In [None]:
SELECT 'SQL'
AS result;

### Beginning your SQL journey

Now that you're familiar with the interface, let's get straight into it.

SQL, which stands for Structured Query Language, is a language for interacting with data stored in something called a relational database.

You can think of a relational database as a collection of tables. A table is just a set of rows and columns, like a spreadsheet, which represents exactly one type of entity. For example, a table might represent employees in a company or purchases made, but not both.

Each row, or record, of a table contains information about a single entity. For example, in a table representing employees, each row represents a single person. Each column, or field, of a table contains a single attribute for all rows in the table. For example, in a table representing employees, we might have a column containing first and last names for all employees.

### SELECTing single columns

While SQL can be used to create and modify databases, the focus of this course will be querying databases. A query is a request for data from a database table (or combination of tables). Querying is an essential skill for a data scientist, since the data you need for your analyses will often live in databases.

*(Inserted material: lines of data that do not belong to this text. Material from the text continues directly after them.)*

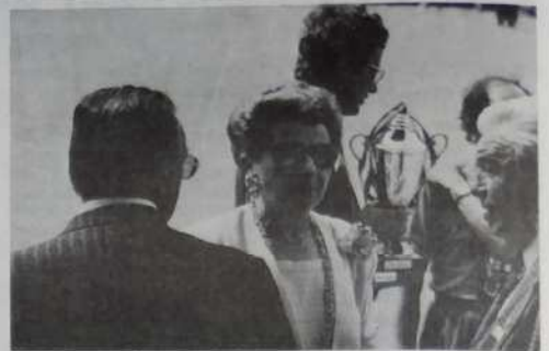
Madame le maire de Jouy-en-Josas.
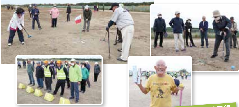
11月でもこの服装、この笑顔。元気がいちばん!
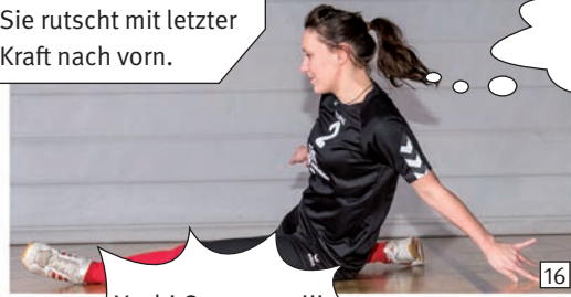
Mir geht die Puste aus. Jetzt oder nie!!!
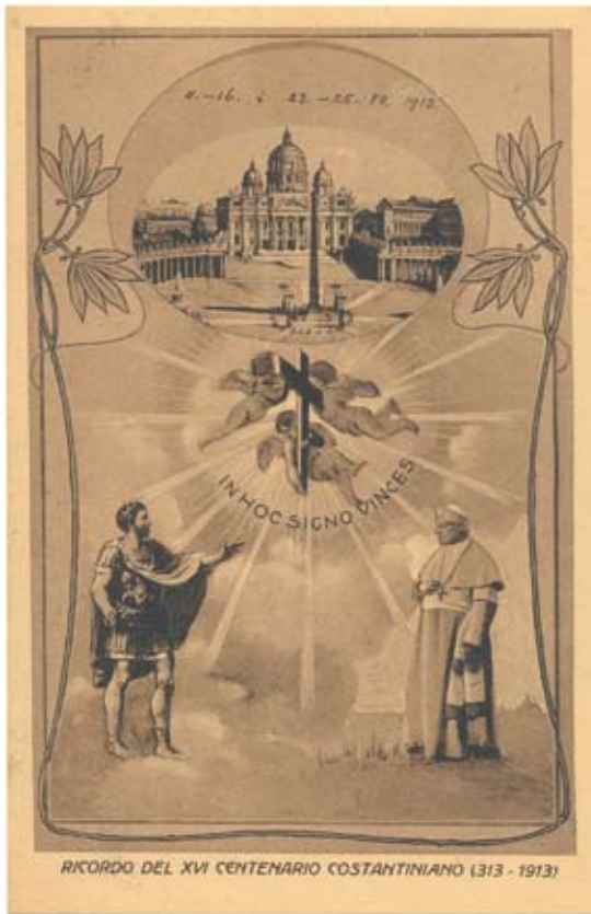
Figura 1 [x0,80]
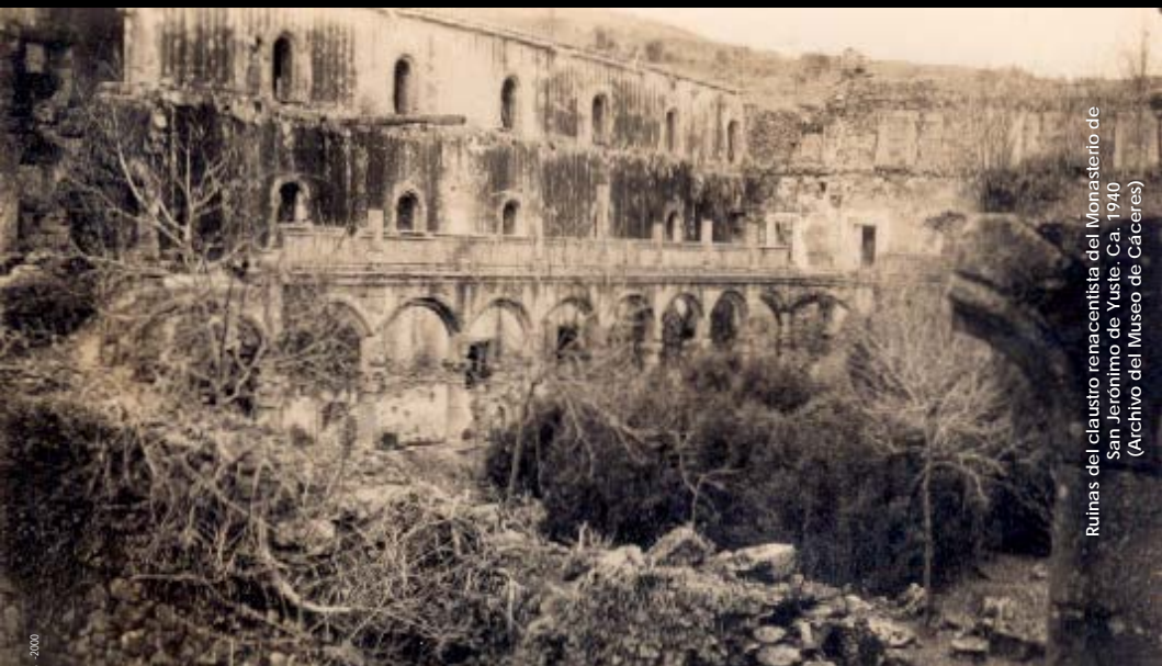
Ruinas del claustro renacentista del Monasterio de San Jerónimo de Yuste. Ca. 1940
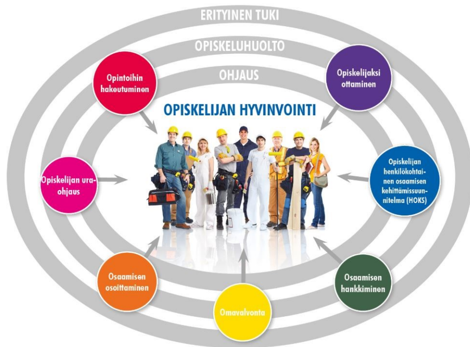
Kuva 1. Hyvinvointisuunnitelman visualisointi oppilaitoksessa
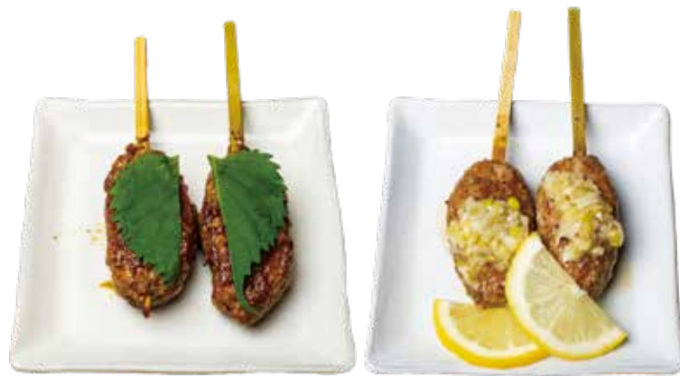
梅しそ 三九〇+税 ネギれもん 三九〇+税
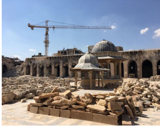
الجامع الأموي في حلب
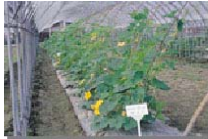
觀賞南瓜生育初期需要引蔓上棚架
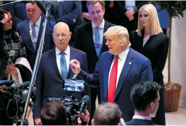
Donald Trump, președintele SUA, alături de Klaus Schwab, președintele executiv al Forumului Economic Mondial.
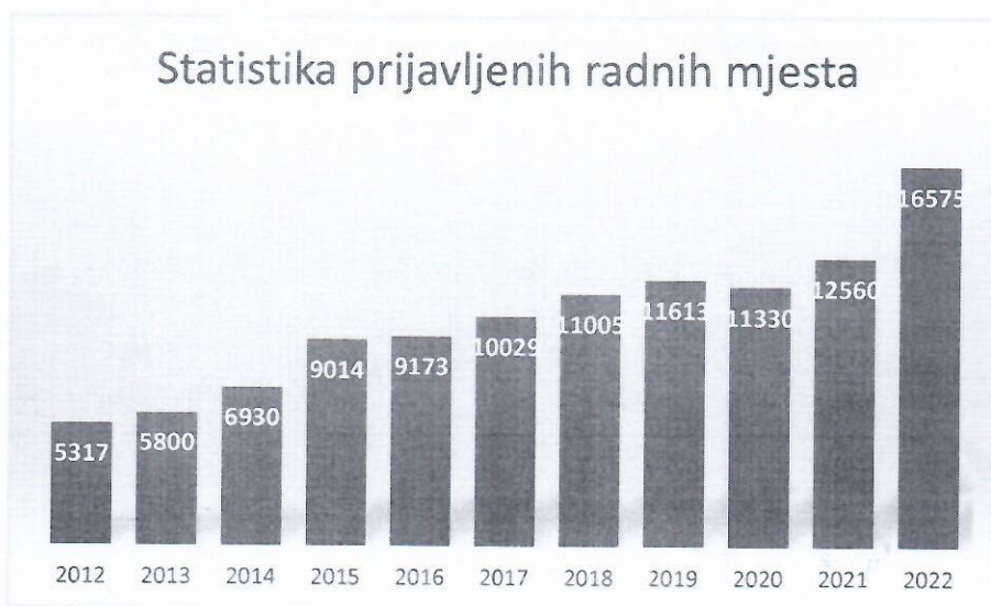
Slika 2. Statistika prijavljenih radnih mjesta kroz godine

Slika 2. prikazuje broj prijavljenih radnih mjesta od početka realizacije Programa stručnog osposobljavanja.
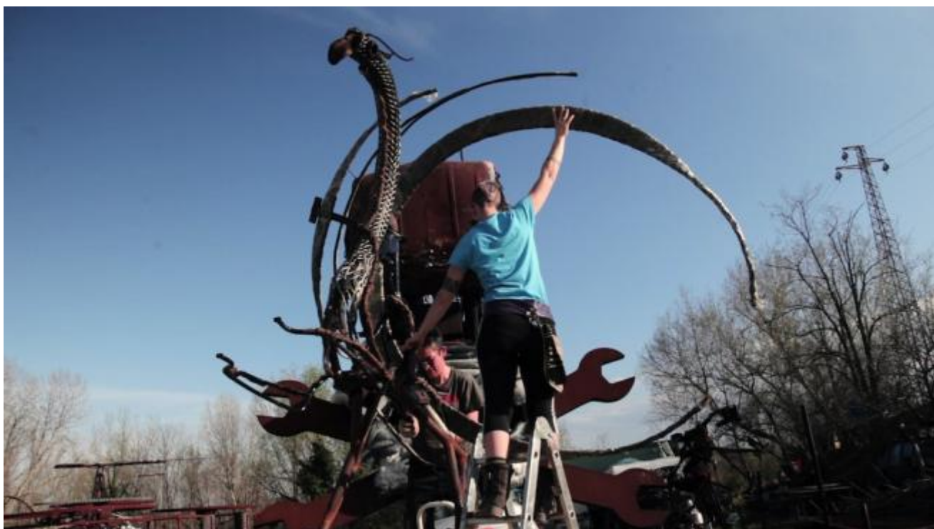
frame dal video di Zimmerfrei

Ecco il senso del film, dichiarato dalla direttrice del festival, Silvia Bottioli: lavorare sull'idea di città, cercando altre possibilità rispetto ai modelli consueti. E ora l'esperimento di Mutonia è a rischio: nell'assenza della politica, la causa di sgombero è andata avanti e a inizio estate è arrivata la notifica. In un modo usato spesso nel Nord Europa per smantellare comunità anomale: con ingiunzioni individuali, per cui non si può montare un caso politico, ma ognuno deve difendersi in proprio.
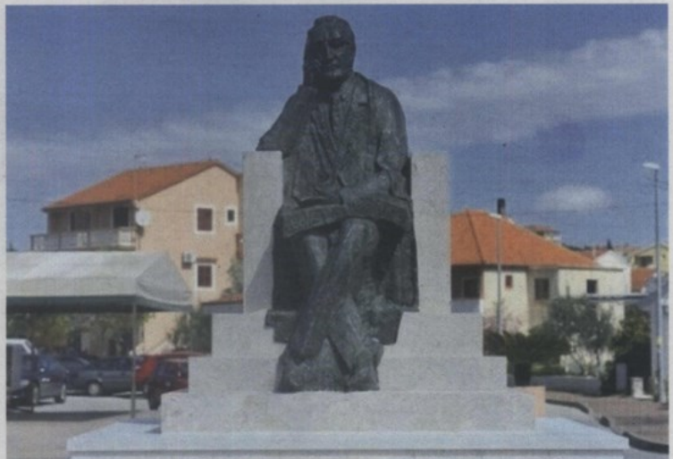
Tudman u Pakoštanima

– Velika doza diletantizma, nevjerojatne likovne nepismenosti i neodgovornosti prema jav-
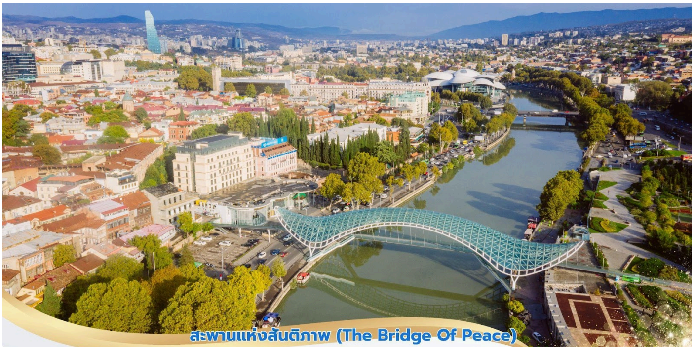
สะพานแห่งสันติภาพ (The Bridge Of Peace)

(ปีค.ศ.1089-1125) ได้มีการสร้างเพิ่มเติมขึ้นอีก ซึ่งต่อมาเมื่อพวกมองโกลได้เข้ามายึดครอง ก็ได้เรียกชื่อ ป้อมแห่งนี้ว่า นาริน กาลา (Narin Qala) ซึ่งมีความหมายว่า ป้อมเล็กชมรูปปั้น Mother of a Georgia หรืออีกชื่อหนึ่งคือ Kartlis Deda เป็นรูปปั้นหญิงสาวสูง 20 เมตรบนยอดเขาโซโล ลากิ (Solo Laki Hill) ในนครทบิลีซี โดยรูปปั้นนี้สร้างขึ้นในปี ค.ศ. 1958 เพื่อฉลองนครทบิลีซีอายุ ครบ 1,500 ปี และเป็นรูปปั้นที่สะท้อนถึงจิตวิญญาณและนิสัยของคนจอร์เจียได้เป็นอย่างดี มือข้าง หนึ่ง ของรูปปั้นจะถือดาบ ส่วนมืออีกข้างหนึ่งจะถือแก้วไวน์ ซึ่งมีความหมายว่าหากใคร ที่มาเยือน จอร์เจีย แบบศัตรูเราจะใช้ดาบในมือขวาฟาดฟันให้แตกดินแต่หากใครที่มาเยือนอย่างเป็นทางการ เป็นมิตร เราจะต้อนรับ ด้วยไวน์ในมือซ้ายอย่างอบอุ่นและอิมหน้าสำราญ จากนั้นนำท่านสู่ สะพานแห่งสันติภาพ (The Bridge Of Peace) อีกหนึ่งงานสถาปัตยกรรมที่น่าสนใจในเมืองทบิลีซีออกแบบโดย สถาปนิกชาวอิตาลีชื่อ Michele De Lucchi สะพานมีความยาวที่ 150 เมตร ลักษณะการออกแบบร่วมสมัยเปิด อย่าง เป็นทางการเมื่อวันที่ 6 พฤษภาคม 2010 โครงสร้างนั้นถูกออกแบบและสร้างที่ประเทศอิตาลี และนำเข้าส่วนประกอบ โดยรถบรรทุกมากกว่า 200 คัน เพื่อเข้ามาติดตั้งในเมืองทบิลีซี ที่ตั้งนั้นอยู่ บน แม่น้ำมตควารี (Mtkvari River) สามารถมองเห็นได้หลายมุมจากในเมือง
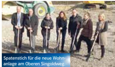
Spatenstich für die neue Wohnanlage am Oberen Singoldweg.
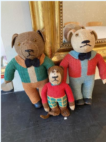
Poppen uit Bruintje Beer verzameling gemaakt voor Arbeid Adelt 1925

Eigenlijk is Bibliotheek een verkeerde naam voor de verzameling boeken, tijdschriften en patronen op de 1e verdieping boven de Tesselschade winkel in Amsterdam. Het is een archief met veel bijzondere stukken. Deze verzameling is opgebouwd uit schenkingen van handwerkkliefhebbers.
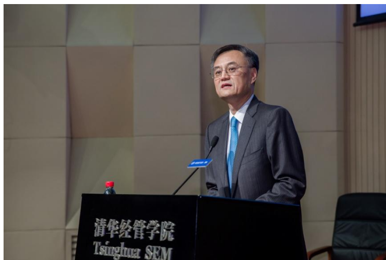
清华经管学院院长钱颖一教授致辞

钱颖一院长最后说：“中国的管理教育，伴随中国经济和企业的快速发展取得了卓越的成绩。中国的全面深化改革，日益加剧的全球化竞争，日新月异的技术变化，都对中国的管理教育提出新的挑战。我们任重道远。”
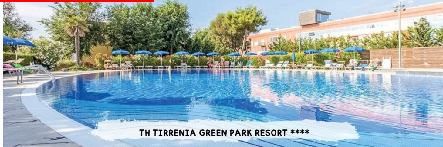
TH TIRRENIA GREEN PARK RESORT ****

PRENOTA PRIMA GARANTITO FINO AL 15 MARZO
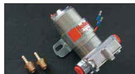
●HOLLYフューエルポンプ 本体 ¥19,800 本体 ¥23,500 ※吐出量 4226cc/分の大容量タイプ
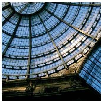
Lombardie - Milan

L'enchevêtrement des compétences entre les différents acteurs et l'abondance des réseaux intermédiaires rendent particulièrement difficile la recherche d'effets levier pour améliorer globalement la qualité, la lisibilité et l'accessibilité des services d'orientation et de conseil aux usagers. La mutualisation d'expériences est également peu développée.
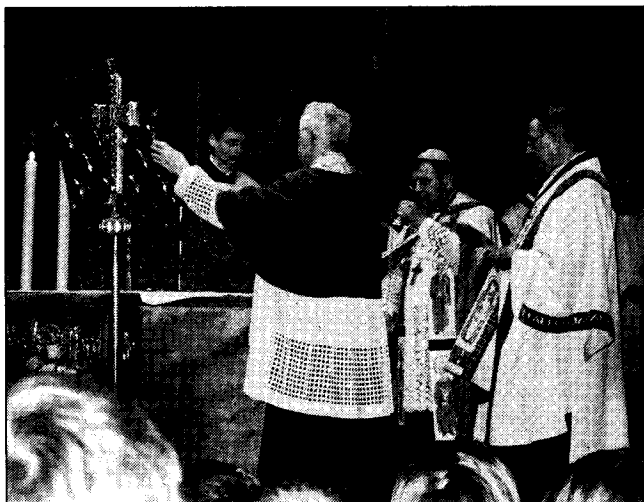
Nach der ersten Zeigung werden die Heiligtümer in eine Schmucktruhe auf dem Altar gelegt. Bischof Mussinghoff segnet sie mit Weihrauch.

Noch bis zu diesem Wochenende haben Pilger aus ganz Europa die Gelegenheit die Heiligtümer zu sehen und selbst mit ihnen auf „Tuchföhlung“ zu gehen. Dann werden die Stoffreliquien in einem speziellen Ritus wieder verpackt und im Marienschrein mit einem eigens dafür angefertigten Schloss für sieben Jahre verwahrt. Das Schloss wird mit Blei ausgegossen und der Schlüssel zerbrochen, bis im Jahr 2014 erneut die Gläubigen die Schläge zählen, die es braucht, um
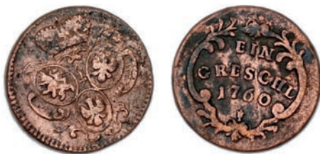
Vlevo avers grešle Marie Terezie se třemi znaky zemí Koruny české. Vpravo revers grešle Marie Terezie. Uprostřed hodnota mince „Ein Greschl“ a pod ní rok ražby 1760. Vše v barokním ornamentu

Země, které přistoupily k této dohodě, začaly razit také své zemské mince – ty se však
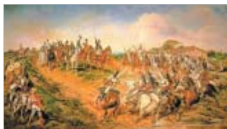
"O grito do Ipiranga", pintura de Pedro Américo, no Museu do Ipiranga, em São Paulo.
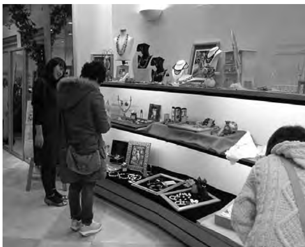
前回のまちなか展覧市のようす(モギカバン本店)

今回展示販売する店舗は、せと糸商店、桐生さくらや、モギカバン本店、菊屋、コバトラ薬局、シロキヤ書店、小野眼鏡店、マルキン本店、クイーン堂シューズ、かわち商店、山梶商店、近江屋書店、奈良屋銅鉄本店、大澤呉服店、フジエ小間物店、宝石時計・清水一心堂、ZONA

In SQL, you can select data from a table using a SELECT statement. For example, the following query selects the name column from the people table:

SELECT name
FROM people;

In this query, SELECT and FROM are called keywords. In SQL, keywords are not case-sensitive, which means you can write the same query as:

select name
from people;

That said, it's good practice to make SQL keywords uppercase to distinguish them from other parts of your query, like column and table names.

It's also good practice (but not necessary for the exercises in this course) to include a semicolon at the end of your query. This tells SQL where the end of your query is!

Remember, you can see the results of executing your query in the query result tab to the right!

In [None]:
## select title from films
select title from films
# Select the release_year column from the films table.
SELECT release_year from films
# Select the name of each person in the people table.
select name from people

### SELECTing multiple columns

Well done! Now you know how to select single columns.

In the real world, you will often want to select multiple columns. Luckily, SQL makes this really easy. To select multiple columns from a table, simply separate the column names with commas!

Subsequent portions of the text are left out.